Transcribe word for word the lines below from the line with "This cozy yet" through the line with "TEKLA не продають", ends included.

◆ Data for review ◆

• • • •

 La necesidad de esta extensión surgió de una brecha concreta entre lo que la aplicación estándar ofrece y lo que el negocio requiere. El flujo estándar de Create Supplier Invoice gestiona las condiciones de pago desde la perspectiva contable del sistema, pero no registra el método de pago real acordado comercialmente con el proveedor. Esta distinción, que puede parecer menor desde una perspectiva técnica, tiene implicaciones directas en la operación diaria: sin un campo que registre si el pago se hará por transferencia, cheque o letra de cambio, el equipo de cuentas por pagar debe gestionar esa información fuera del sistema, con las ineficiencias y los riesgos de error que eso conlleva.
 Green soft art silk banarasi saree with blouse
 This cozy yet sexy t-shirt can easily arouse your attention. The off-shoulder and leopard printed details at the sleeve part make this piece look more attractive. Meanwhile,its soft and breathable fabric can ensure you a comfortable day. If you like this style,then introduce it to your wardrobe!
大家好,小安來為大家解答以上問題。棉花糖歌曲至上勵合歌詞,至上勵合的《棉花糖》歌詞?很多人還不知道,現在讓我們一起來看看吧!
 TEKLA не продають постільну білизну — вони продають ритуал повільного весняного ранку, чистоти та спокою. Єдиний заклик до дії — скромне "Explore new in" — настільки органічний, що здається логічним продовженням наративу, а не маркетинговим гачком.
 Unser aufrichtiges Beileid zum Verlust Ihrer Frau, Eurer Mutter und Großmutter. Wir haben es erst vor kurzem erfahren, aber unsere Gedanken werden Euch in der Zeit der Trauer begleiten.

• • • •

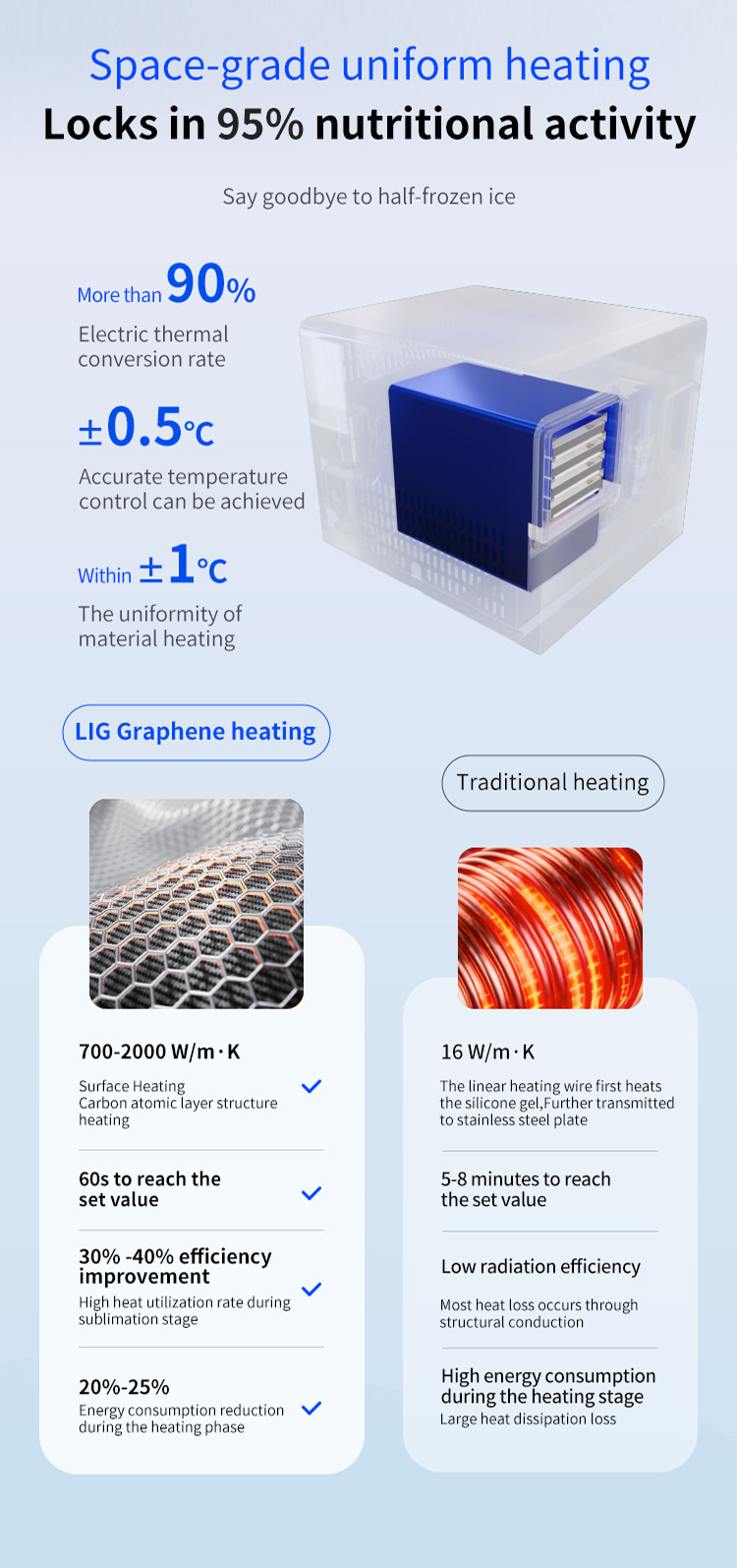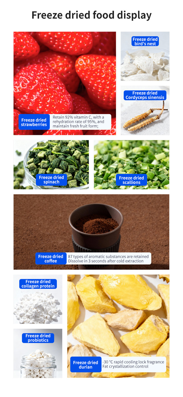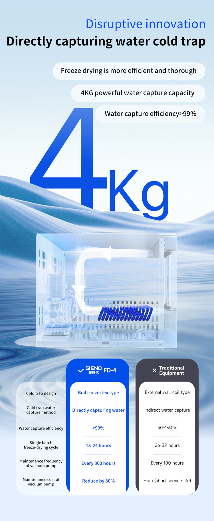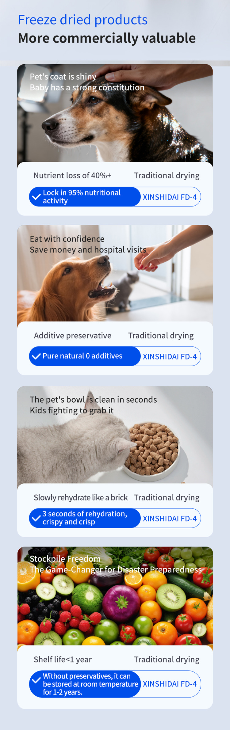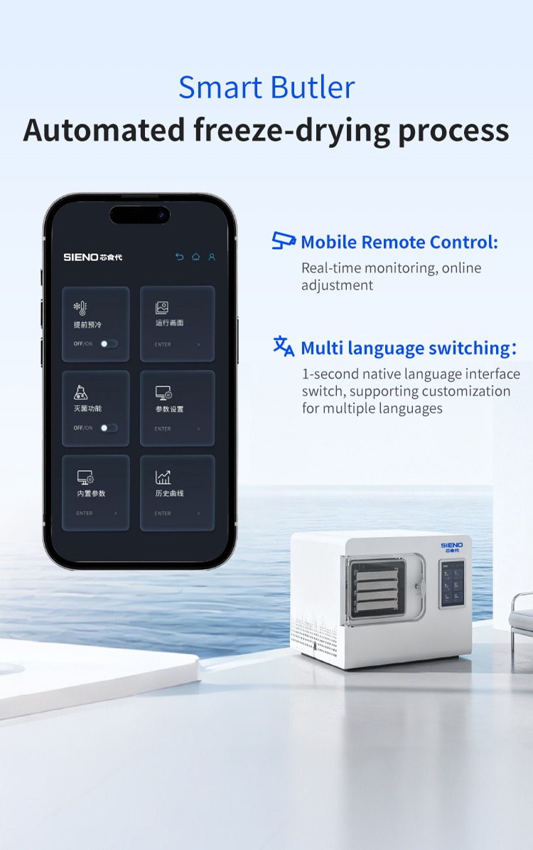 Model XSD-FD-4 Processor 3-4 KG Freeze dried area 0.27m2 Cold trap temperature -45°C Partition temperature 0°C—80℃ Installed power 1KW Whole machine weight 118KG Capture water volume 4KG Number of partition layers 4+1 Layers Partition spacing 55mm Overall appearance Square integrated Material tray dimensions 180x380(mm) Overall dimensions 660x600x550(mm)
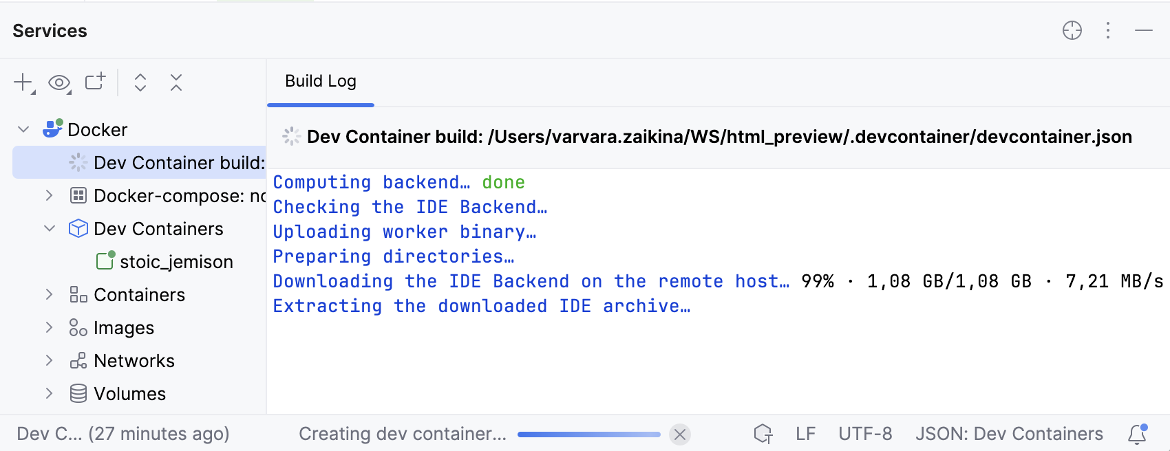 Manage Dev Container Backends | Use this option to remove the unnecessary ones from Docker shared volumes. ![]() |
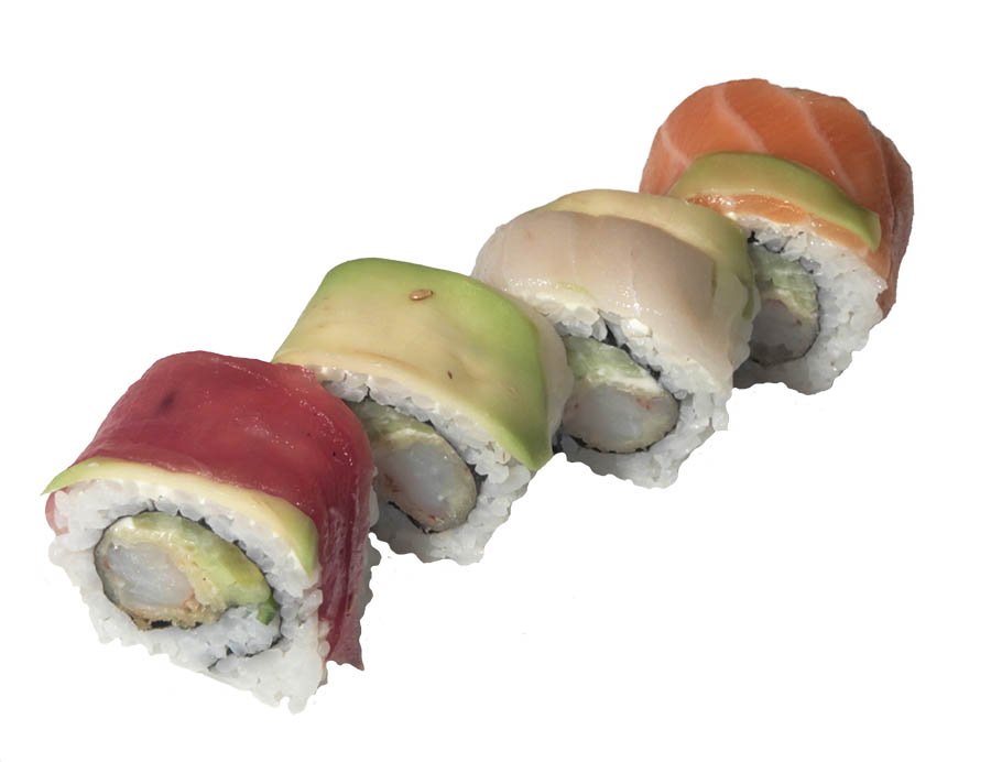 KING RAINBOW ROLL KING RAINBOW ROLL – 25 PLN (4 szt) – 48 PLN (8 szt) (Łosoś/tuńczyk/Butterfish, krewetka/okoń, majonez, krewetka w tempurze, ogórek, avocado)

• • • •

◆ Result of this task ◆
 This cozy yet sexy t-shirt can easily arouse your attention. The off-shoulder and leopard printed details at the sleeve part make this piece look more attractive. Meanwhile,its soft and breathable fabric can ensure you a comfortable day. If you like this style,then introduce it to your wardrobe!
大家好,小安來為大家解答以上問題。棉花糖歌曲至上勵合歌詞,至上勵合的《棉花糖》歌詞?很多人還不知道,現在讓我們一起來看看吧!
 TEKLA не продають постільну білизну — вони продають ритуал повільного весняного ранку, чистоти та спокою. Єдиний заклик до дії — скромне "Explore new in" — настільки органічний, що здається логічним продовженням наративу, а не маркетинговим гачком.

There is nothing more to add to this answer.